Using the bounds of a school for ages 3-7, the project is an attempt to exploit a certain bodily expression. Located in the landscape of the Botanical Garden of Lisbon, it comes as close to being a mundane school that practices Montessori education as possible. Kids are allowed to interact in a liberating and protective environment. As a speculative exploration into the realms of unbounded imagination, it is ambiguous whether the architecture houses the body, or the anatomy governs its structure.
The project involved an intuitive process of taming orderly chaos in order to form the basis of the architecture. Relevant discussions were conceived from an amalgamation of various methods. Divergent components from analogue modelling to digital fabrication serve to consolidate all complex ideas into one. Sometimes obscured from the eyes of the ordinary lies the perplexity of this sensitive architecture.
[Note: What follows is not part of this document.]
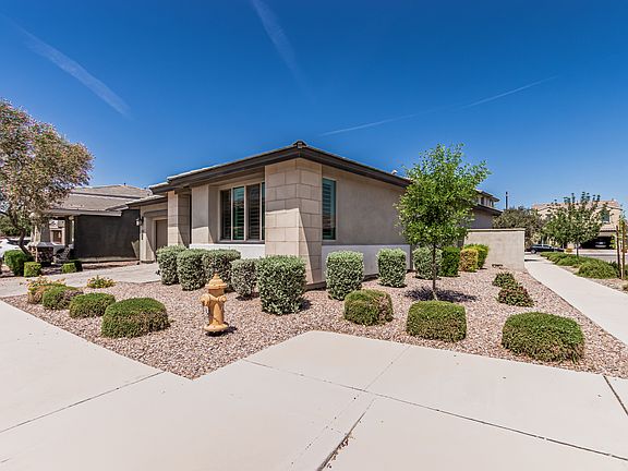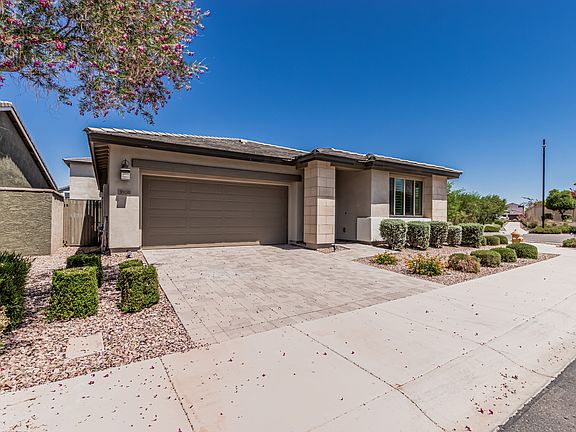 Welcome to the desirable Eastmark, where this beautiful rental home awaits you! Nestled on a corner lot offering 3 beds, 2 baths, and a 2-car garage w/paver driveway. The interior exudes sophistication with abundant natural light, stylish light fixtures, neutral paint, wood-look tile flooring in common areas, and plush carpet in bedrooms. If entertaining is on your mind, the inviting open layout is sure to impress! The impeccable kitchen boasts SS appliances, granite counters, a subway tile backsplash, a pantry, wood cabinetry w/crown molding, and an island w/breakfast bar. Enter the primary bedroom to find an ensuite with dual sinks & a walk-in closet. The private backyard, with a covered patio, is the ideal spot to relax or have a fun BBQ. What's not to like? Pack your bags and move in! Renter is responsible for all utilities. No smoking allowed.

Being an uncanny resemblance of the organic and inorganic, this is but an ordinary school for the young.
Load tests on the skeleton that supports the secondary structure for the principal’s office and forms the tensile canopy over the lunch room.
In the shadows of the wondrous landscape comes the wrenching skeleton with a bustling scene of play; peeking through the layers of skin is the curious principal.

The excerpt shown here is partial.